Out-Law News 2 min. read
02 Jul 2004, 12:00 am
The case had been brought by the Society of Composers, Authors and Music Publishers of Canada (SOCAN), which was seeking an order that would force ISPs to pay blanket royalty fees to cover the music downloaded using their services.
In the US, the Recording Industry Association of America has taken direct action against users of unauthorised file-sharing services like Kazaa. To date it has sued 3,429 individuals. But the Canadian music industry attempted a different approach.
SOCAN proposed that ISPs pay a royalty of CAN$0.25 per subscriber per year as well as 10% of any gross profit that ISPs make through the sale of advertising.
SOCAN also wanted the court to decide whether or not ISPs should be accountable for web content hosted in other countries but accessed by Canadians.
The Canadian Association of Internet Providers (CAIP) – which counts IBM, AOL and Yahoo! among its members – defended the action. CAIP argued that royalties should be sought from web site operators rather than ISPs, who were just being used as a convenient target.
The case revolved around the definition of an ISP: is it merely a conduit for the transportation of digital information, or is it actually communicating that information in some way that makes it responsible for the content? On Wednesday the Canadian Supreme Court ruled unanimously that it is the former.
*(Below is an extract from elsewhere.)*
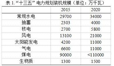 “十三五”期間,全國常規水電新增投產(chǎn)約4000 萬(wàn)千瓦,開(kāi)工6000 萬(wàn)千瓦以上,到2020 年,常規水電裝機達到3.4 億千瓦,抽水蓄能電站裝機新增約1700 萬(wàn)千瓦,達到4000 萬(wàn)千瓦左右;全國核電投產(chǎn)約3000 萬(wàn)千瓦,開(kāi)工3000 萬(wàn)千瓦以上,2020 年裝機達到5800 萬(wàn)千瓦。2020 年,風(fēng)電裝機達到2.1 億千瓦以上;太陽(yáng)能發(fā)電裝機達到1.1 億千瓦以上。“十三五”期間,氣電新增投產(chǎn)5000 萬(wàn)千瓦,2020 年達到1.1 億千瓦以上。“十三五”期間,取消和推遲煤電建設項目1.5 億千瓦以上;煤電裝機規模力爭控制在11 億千瓦以?xún)取?/p>

According to Justice Ian Binnie, who wrote the majority opinion for the court, "It is clear that Parliament did not want copyright disputes between creators and users to be visited on the heads of the internet intermediaries, whose continued expansion and development is considered vital to national economic growth."
The Canadian Copyright Act, he explained, "as a matter of legislative policy established by Parliament, does not impose liability for infringement on intermediaries who supply software and hardware to facilitate use of the internet."
He continued:
"The attributes of such a 'conduit', as found by the Board, [Canadian Copyright Board] include a lack of actual knowledge of the infringing contents, and the impracticality (both technical and economic) of monitoring the vast amount of material moving through the internet, which is prodigious."
However, warned Binnie, "an Internet Service Provider in Canada can play a number of roles. In addition to its function as an intermediary, it may as well act as a content provider, or create embedded links which automatically precipitate a telecommunication of copyrighted music from another source. In such cases, copyright liability may attach to the added functions."
The Court particularly considered the question of caching – where temporary copies of data packets (which combine together to create a completed web page or music file) are kept on a local server for a short time in order to speed up transmission – and whether the storage of this on local servers gave ISPs more responsibility for the data than they would otherwise have had.
But, according to Justice Binnie, "caching is dictated by the need to deliver faster and more economic service, and should not, when undertaken only for such technical reasons, attract copyright liability".
According to Jay Kerr-Wilson, Vice-President, Legal Affairs of the Canadian Cable Television Association:
"To impose copyright liability on ISPs for providing access, hosting, caching and transmission services would have resulted in significantly higher costs to consumers and would have discouraged the investment and innovation necessary for the development of the internet economy in Canada".